|Year of offer||2019|
|Subject level||Graduate coursework|
Term 2 - Online
|Fees||Subject EFTSL, Level, Discipline & Census Date|
This subject explores the ways in which child welfare systems internationally have developed in response to child care and protection needs. It will consider the controversies surrounding the protection of children, and the developing knowledge base that informs responses to child maltreatment. It will explore the knowledge base underpinning child protection responses, and will explore some of the innovative frameworks, approaches and key ideas that have emerged over time.

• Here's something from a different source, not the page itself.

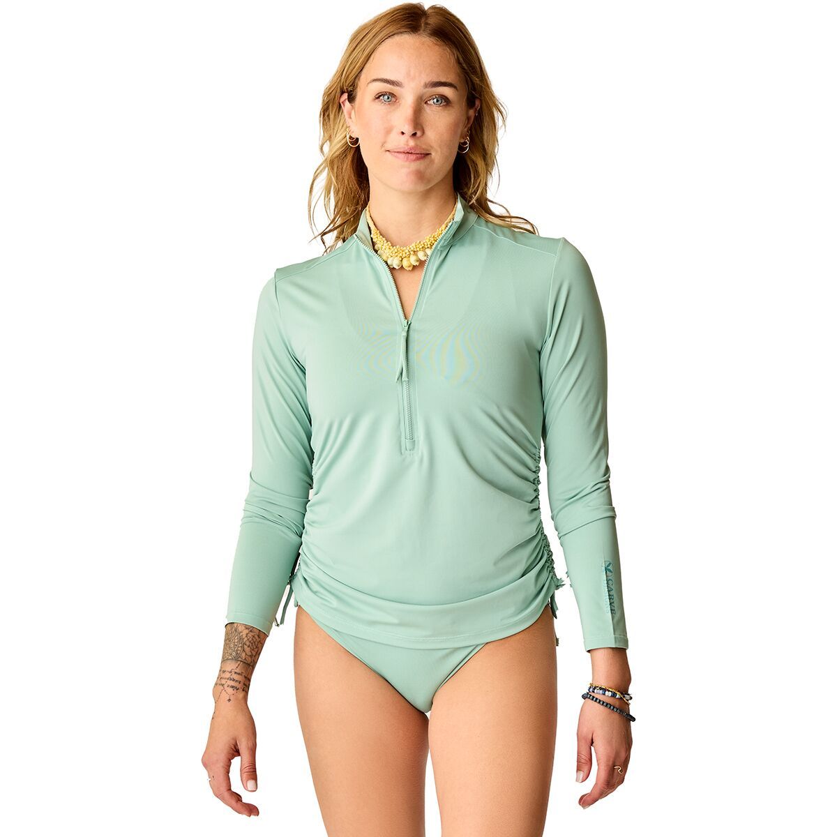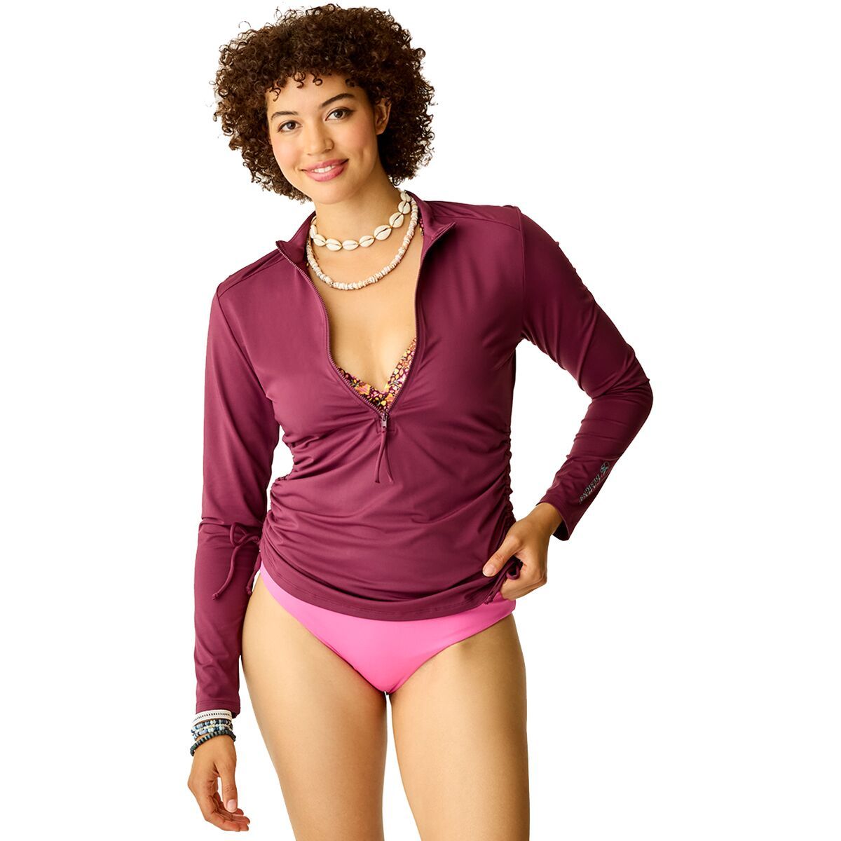 • A half-zip rashguard for surfing, bodyboarding, and SUPing

It explores some of the universal values and beliefs that underpin and drive child protection systems, particularly within Western jurisdictions, and will consider the implications of this for the development of child protection typologies that have broader international relevance.
Intended learning outcomes
On completion of this subject, students should be able to:
- understand the ways in which the United Nations Convention on the Rights of the Child provides an international framework for developing international systems of child protection;
- develop a nuanced awareness of the link between national culture, professional cultures and the nature of child protection service provision;
- understand the nature of regulatory frameworks in child welfare and how they influence child protection practice; and
- identify the contemporary challenges of child protection and the ways in which international jurisdictions have sought to provide supportive services for vulnerable children and families.
Students will be provided with the opportunity to practice and reinforce:
- high level written communication skills;
- advance information and interpretation skills;
- advance analytic, integration and problem-solving skills; and
- demonstrate competence in critical and theoretical thinking through essay writing and online discussions.